As White told the FCA, he found it rather hard to remember which hat he was supposed to be wearing. It was impossible to ‘unlearn’ his own trading positions, and turn his brain into a tabula rasa when it came to making Libor submissions. As for the numerous messages in which he offered to shift fixings in other traders’ favour, this was just his attempt to humour people.

Tosh, said the FCA, banning White from the industry (if he had not shown evidence of ‘financial hardship’ the FCA would have fined him £250,000 as well). But this is based on a civil law evidence test. Imagine convincing a criminal jury that White knew he was acting fraudulently. This may be why the SFO has not taken action against any RBS trader so far.

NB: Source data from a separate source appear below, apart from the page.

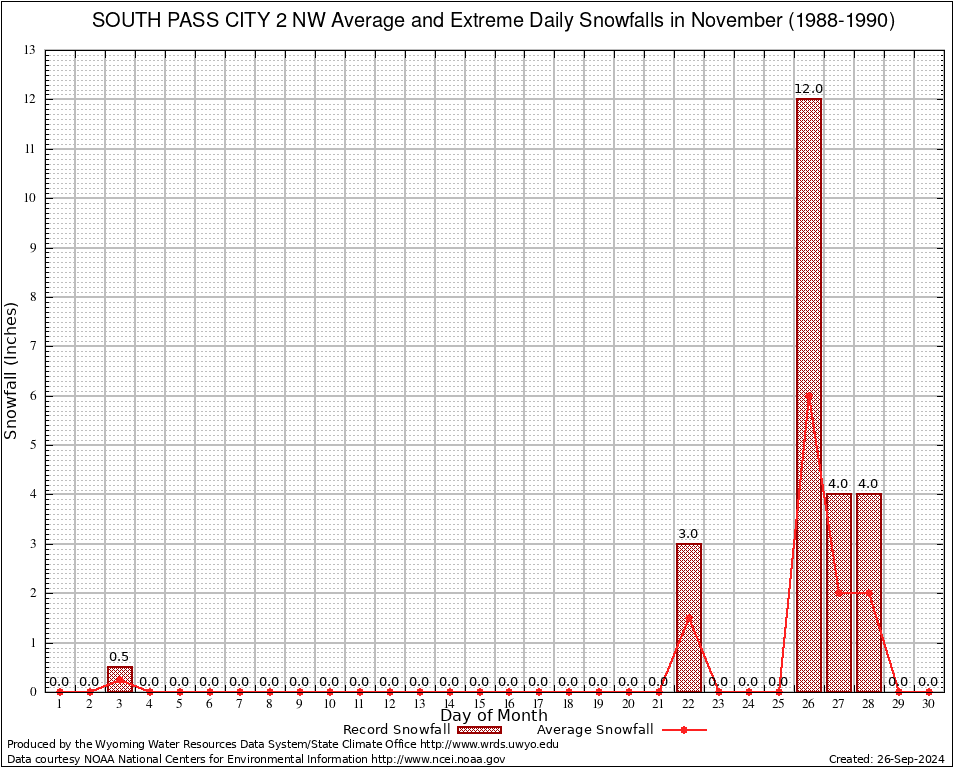 November Average and Extreme Daily Snowfall AMounts (1988-1990)
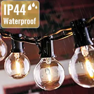 G40 Bulb string lights is IP44 waterproof which can better decorate your courtyard, staircase, porch, living room, especially great for Holidays and Events like Christmas,Halloween,Parties,and more.It is a great gift for your family and friends.
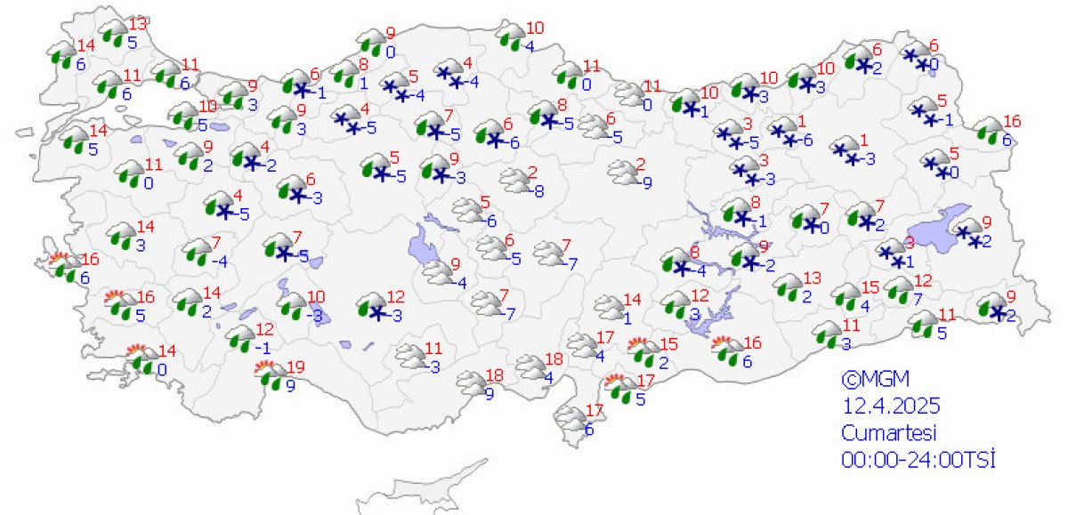 Kıyı kesitlerde ile Marmara ve Güneydoğu Anadolu’da yağmur ve sağanak, yağış alan başka yerlerde karla karışık yağmur ve kar halinde görülmesi beklenen yağışların, Rize ve Trabzon ile Giresun’un doğu kısımlarında yer yer kuvvetli olması bekleniyor.

If anyone should be held to account, it should be senior managers who subverted the Libor submitting process, creating a business model that made traders like White wear the hats that they did. Yet the SFO has made little progress extending its campaign of prosecutions deep into the managing director ranks where real investment banking power lies. The trail of evidence runs cold, and the Barclays trial is a case in point. Three senior bankers will be appearing at the trial, not as defendants but as witnesses for the prosecution.

One might argue that the billions in fines already represent punishment for the senior bankers, because they specifically reference business models put in place over the heads of junior staff. Then again, these fines are paid by bank shareholders, and not the senior bankers themselves. Unlike Hayes, who is losing £900,000 under a confiscation order, senior staff get to keep their wealth.

This brings us to Deutsche Bank, which so far has paid the biggest fines. Evidence suggests that Deutsche ran Libor rigging as a global business model par excellence. A report by German supervisor BaFin, currently only available as a leaked translation, mentions Christian Bittar, a trader whom the SFO announced last month would face criminal proceedings along with nine others. According to the report, Bittar had regular access to senior management.

If a jury is asked to ignore that, will they accept it? The Deutsche trial won’t happen for another 18 months, but the outcome of the Barclays trial may give an indication of whether the SFO strategy of picking on the small fish pays off.